[[ Extracted material open ]]

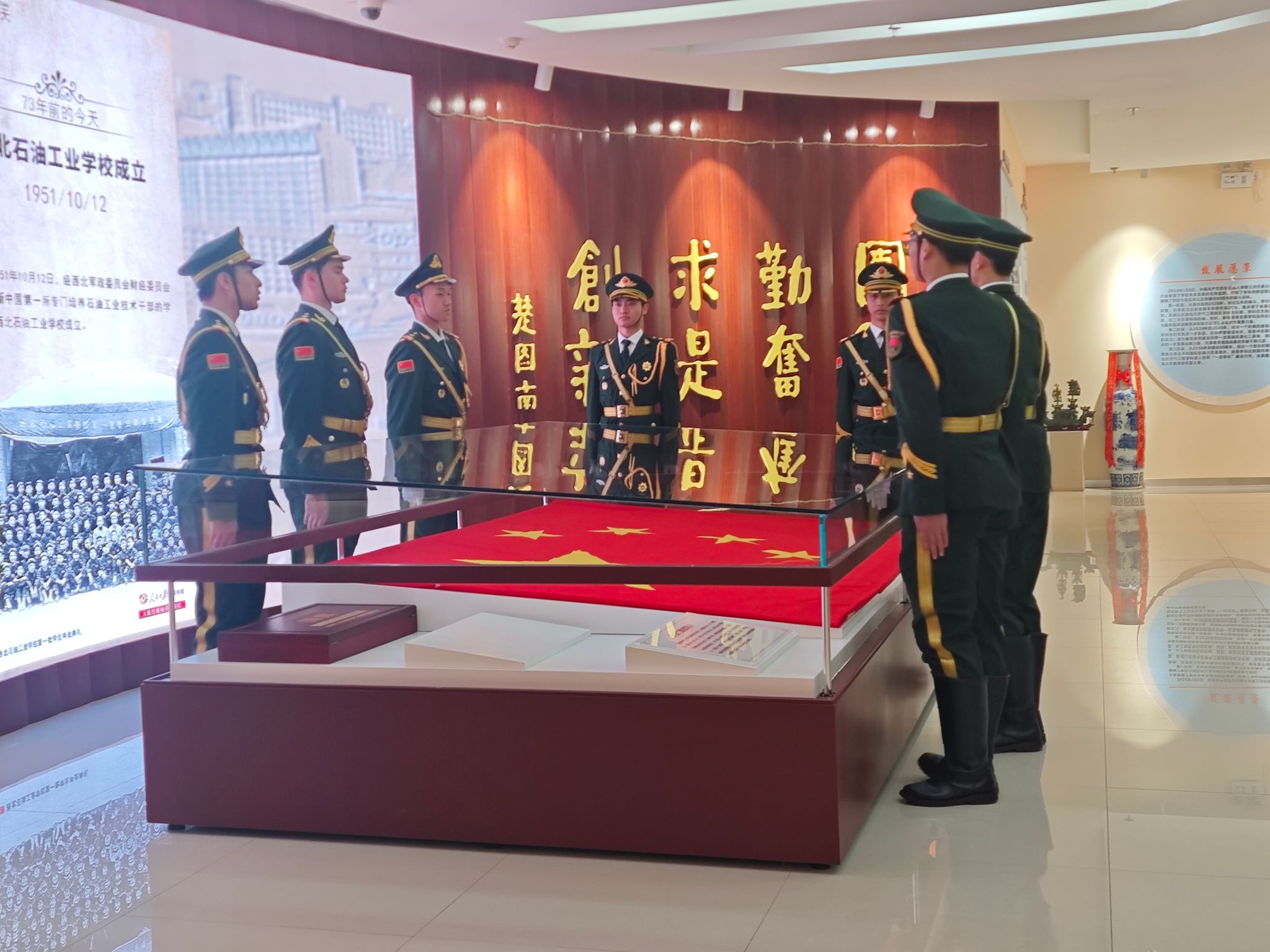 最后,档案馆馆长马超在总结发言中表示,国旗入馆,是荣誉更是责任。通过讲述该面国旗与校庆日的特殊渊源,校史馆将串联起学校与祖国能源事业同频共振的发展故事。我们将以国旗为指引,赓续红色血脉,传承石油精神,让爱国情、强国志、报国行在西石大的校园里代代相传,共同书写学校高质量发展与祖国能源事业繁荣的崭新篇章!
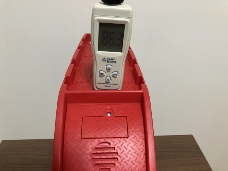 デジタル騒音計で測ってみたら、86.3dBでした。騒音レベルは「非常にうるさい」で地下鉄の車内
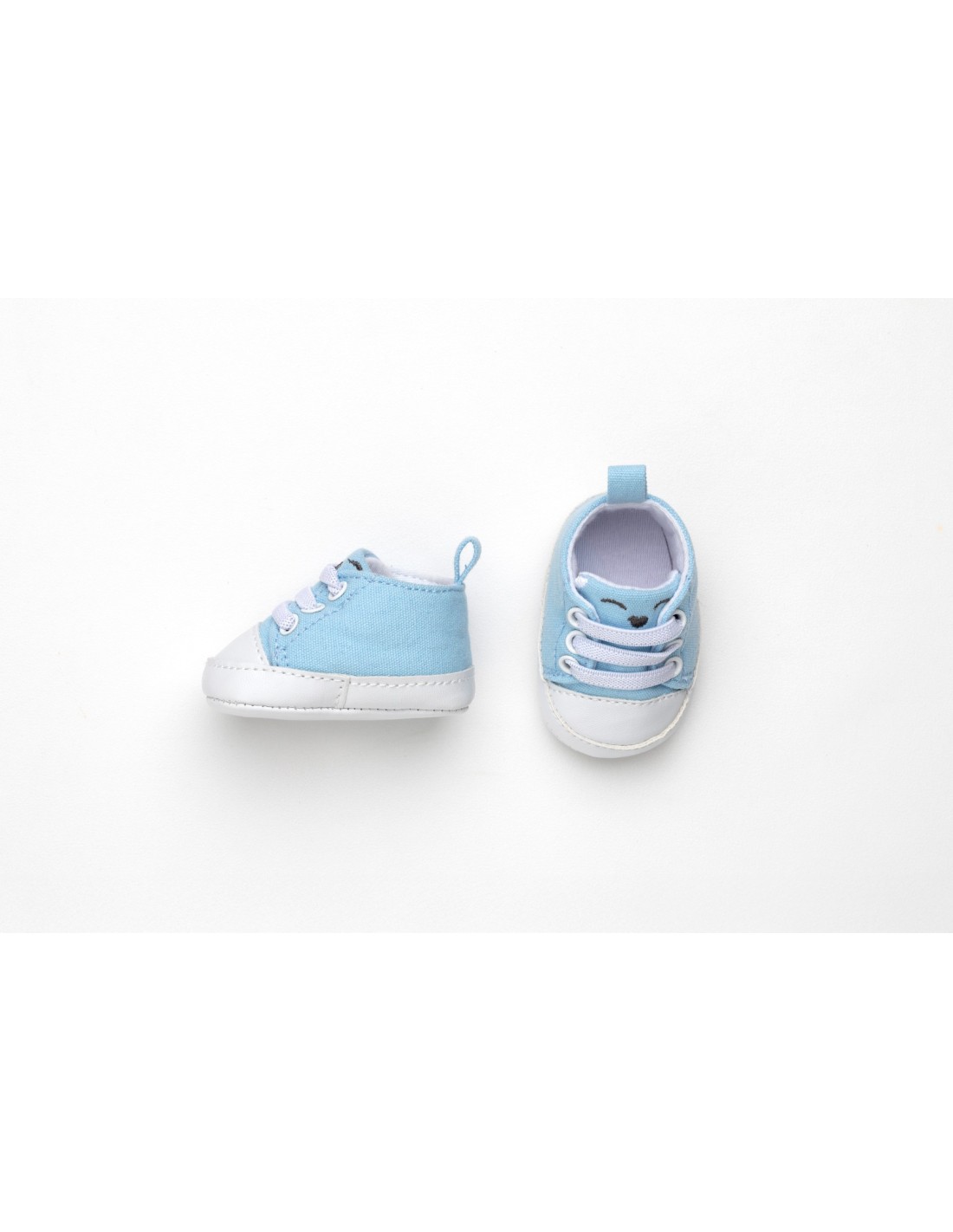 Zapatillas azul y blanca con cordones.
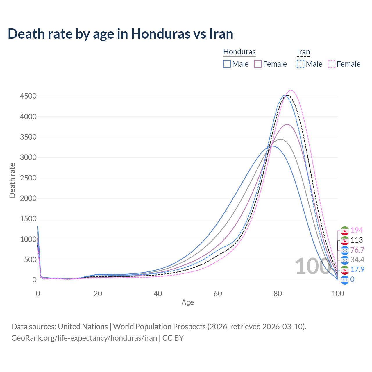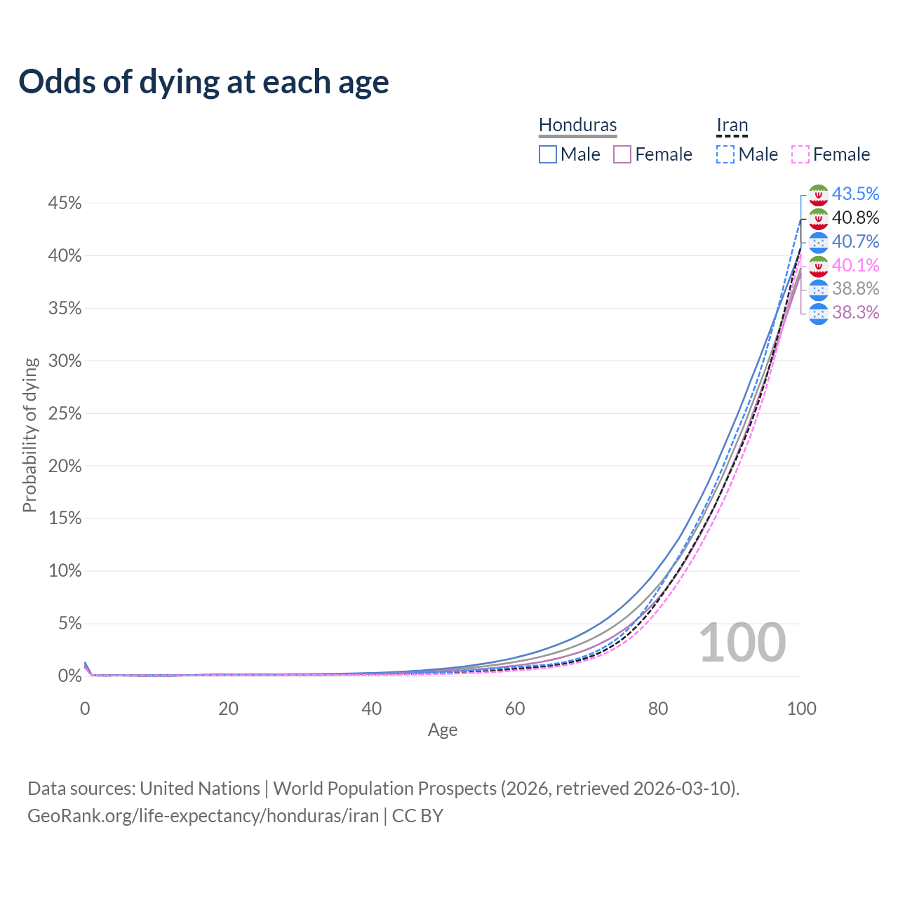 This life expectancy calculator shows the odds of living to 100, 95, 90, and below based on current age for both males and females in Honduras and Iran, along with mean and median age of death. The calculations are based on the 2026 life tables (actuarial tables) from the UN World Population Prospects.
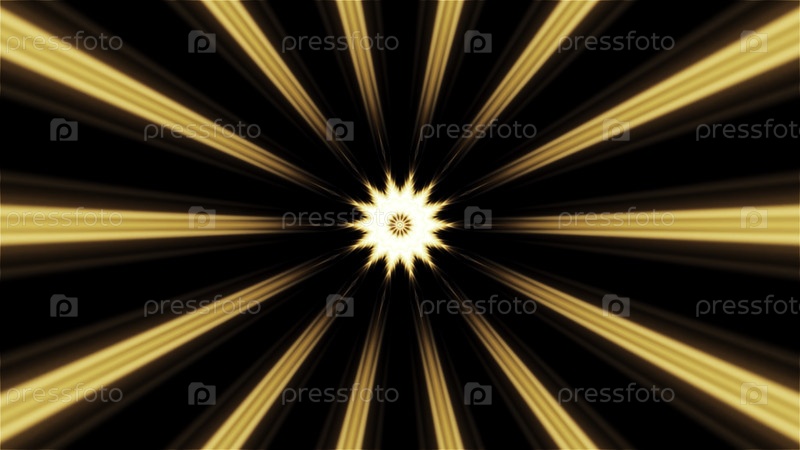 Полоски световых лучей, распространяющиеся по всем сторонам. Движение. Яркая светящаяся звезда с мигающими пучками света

[[ Extracted material closed ]]

Exercise brief: From the line containing "This life expectancy" down to the end of the data above, reproduce each line exactly; no pictures.

Reply to the task:
 This life expectancy calculator shows the odds of living to 100, 95, 90, and below based on current age for both males and females in Honduras and Iran, along with mean and median age of death. The calculations are based on the 2026 life tables (actuarial tables) from the UN World Population Prospects.
 Полоски световых лучей, распространяющиеся по всем сторонам. Движение. Яркая светящаяся звезда с мигающими пучками света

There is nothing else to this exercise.